Losing weight breakfast
You should choose products for breakfast based on your own parameters, KBZhU and the level of activity in the morning. If you are over 10 kg overweight, have an adequate calorie deficit and moderate activity in the morning, then a classic balanced breakfast is for you.
For example:
- Buckwheat porridge and two boiled eggs;
- Two whole wheat toast with chicken, Greek yogurt and herbs;
- Cheesecakes with whole grain flour, fried in a non-stick pan or baked in the oven.
- Oatmeal with berries and cottage cheese.
If you are a petite girl, you have very little excess weight, a low calorie diet and no intense workouts in the morning, then a protein-fat breakfast is suitable for you.
For example:
- Frittata of two eggs with vegetables and cheese;
- Cottage cheese 5% fat with nuts and berries;
- Baked eggs with ham and vegetable salad;
- Chicken, avocado and vegetable salad with low-fat sour cream sauce.
Breakfast for those who exercise in the morning
If after breakfast you go to the gym, then the first meal should be based on the principles of pre-workout. It should contain equally proteins and carbohydrates, but the amount of fat should not exceed 5 g. They slow down the digestion of food, which can cause discomfort in class.
Examples of sports breakfast:
- Oatmeal in water with raisins and a small amount of low-fat milk, an omelet made from one egg and two proteins;
- Sandwich with chicken breast, vegetables and herbs;
- Two loaves and low-fat cottage cheese with fruit or berries;
- An omelet made from one egg, two proteins with vegetables and toast.

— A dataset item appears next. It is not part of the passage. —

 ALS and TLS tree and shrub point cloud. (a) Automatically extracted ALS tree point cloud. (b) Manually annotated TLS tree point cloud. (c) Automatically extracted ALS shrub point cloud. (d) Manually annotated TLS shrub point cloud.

Breakfast for those who don’t have time to cook
If you don’t have time to cook at all, then start getting up 10 minutes earlier and the time will magically be found.
A few examples of a quick breakfast:
- Protein-carbohydrate: two whole grain toast with chicken, vegetables and herbs;
- Protein and fatty: scrambled eggs with vegetables and ham;
- Balanced: lazy oatmeal with natural yoghurt and cottage cheese with berries.

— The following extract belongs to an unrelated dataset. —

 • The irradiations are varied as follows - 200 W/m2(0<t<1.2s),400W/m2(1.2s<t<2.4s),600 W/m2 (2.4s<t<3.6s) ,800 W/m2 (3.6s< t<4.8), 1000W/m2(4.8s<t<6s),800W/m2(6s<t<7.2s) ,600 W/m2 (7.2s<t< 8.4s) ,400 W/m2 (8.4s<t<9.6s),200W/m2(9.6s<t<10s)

Breakfast staples can be prepared in the evening. Washing and cutting fruits, vegetables and other foods doesn’t take long. They can be stored in separate containers or in cling film, until the morning they will not lose their nutrients and attractive appearance.
Thus, for a quick breakfast, a standard set of products that are in the refrigerator of any housewife will always come in handy. The standard set includes eggs, vegetables, fruits, dairy products and a variety of cereals (calorizator).
Getting overwhelmed by getting up a few minutes early can help you relieve hunger, health problems, and fleeting convenience snacks, which are powerful arguments for making or reheating your breakfast.